Mary nods, smiling. This is the sort of talk she habitually dismisses, and is always annoyed by, since it singles her out for being a woman in the circumstance, and her qualities as therefore appreciable only because of this: no man, undergoing the same things she has undergone, is ever considered anything at all but average. Yet this Mr. MacDonald has such a light of humor and even irony in his eyes; it is as if he’s perfectly aware of her feelings, and is speaking for the benefit of Captain Harrison. It is like a joke between them. She says:
—If you find me so wonderful, I suppose it should be no surprise to you that I am determined to return to Africa as soon as possible. I ’ave only begun, ’ere.

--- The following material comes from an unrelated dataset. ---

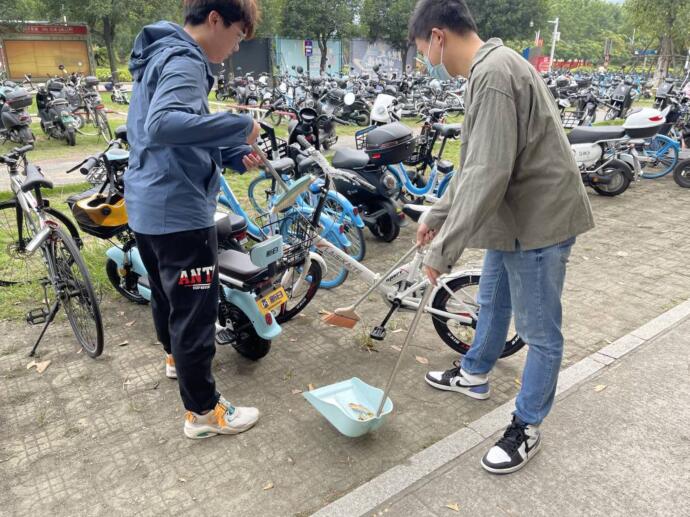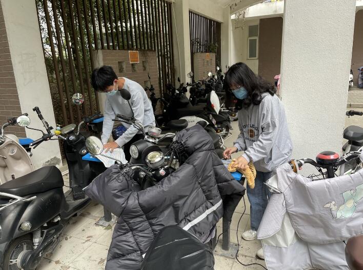 首先,团支部成员们于西3教学楼集合,用扫把打扫教学区堆积的落叶,为“美丽校园”贡献自身力量。接着,团支部成员佩戴绶带,沿着教学区内外周围路线,巡视并捡起道路上的垃圾,同时制止校园内不文明的现象。最后,团支部成员前往宿舍区,将宿舍区乱停放的车辆放置到规范区域,同时把宿舍楼许久未擦的电动车桩进行擦洗。
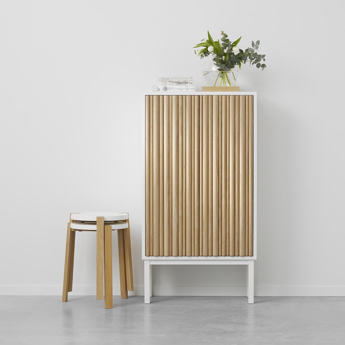 The A2 Collect cabinet is a modern piece that blends functionality with sleek design, making it a versatile addition to various interiors. I love its clean lines and the contrast between the oak finish and white legs, which add a contemporary touch while maintaining warmth. It works particularly well in minimal or Scandinavian-inspired spaces, where its understated silhouette can be highlighted with simple decorative accessories. For styling, consider pairing it with neutral tones or textured objects on top to create visual interest without clutter. Its height and depth make it ideal for storing essentials discreetly, while the slatted oak front injects subtle texture that can beautifully complement other natural materials in the room.

—Just so. We must stay in touch, he says. I’ll make an introduction for you to my wife, in England. Lady MacDonald. Well, Ethel is her name. Awful name, Ethel, but a marvelous woman. You’ll find her very agreeable.
—I’ve no doubt of it.
They have tea, and Captain Harrison talks about the failed efforts of missionaries to inculcate Christian values into the savages. In his mind, the prospect is fruitless, doomed to failure from the start. He favors trade, yet sees it only in terms of plunder for the Empire. He has no interest in preserving anything of the life he encounters in these rivers and estuaries; it all looks benighted to him, a region of hellish vapors and feral people. He wants ever so badly to get back to The Home Island.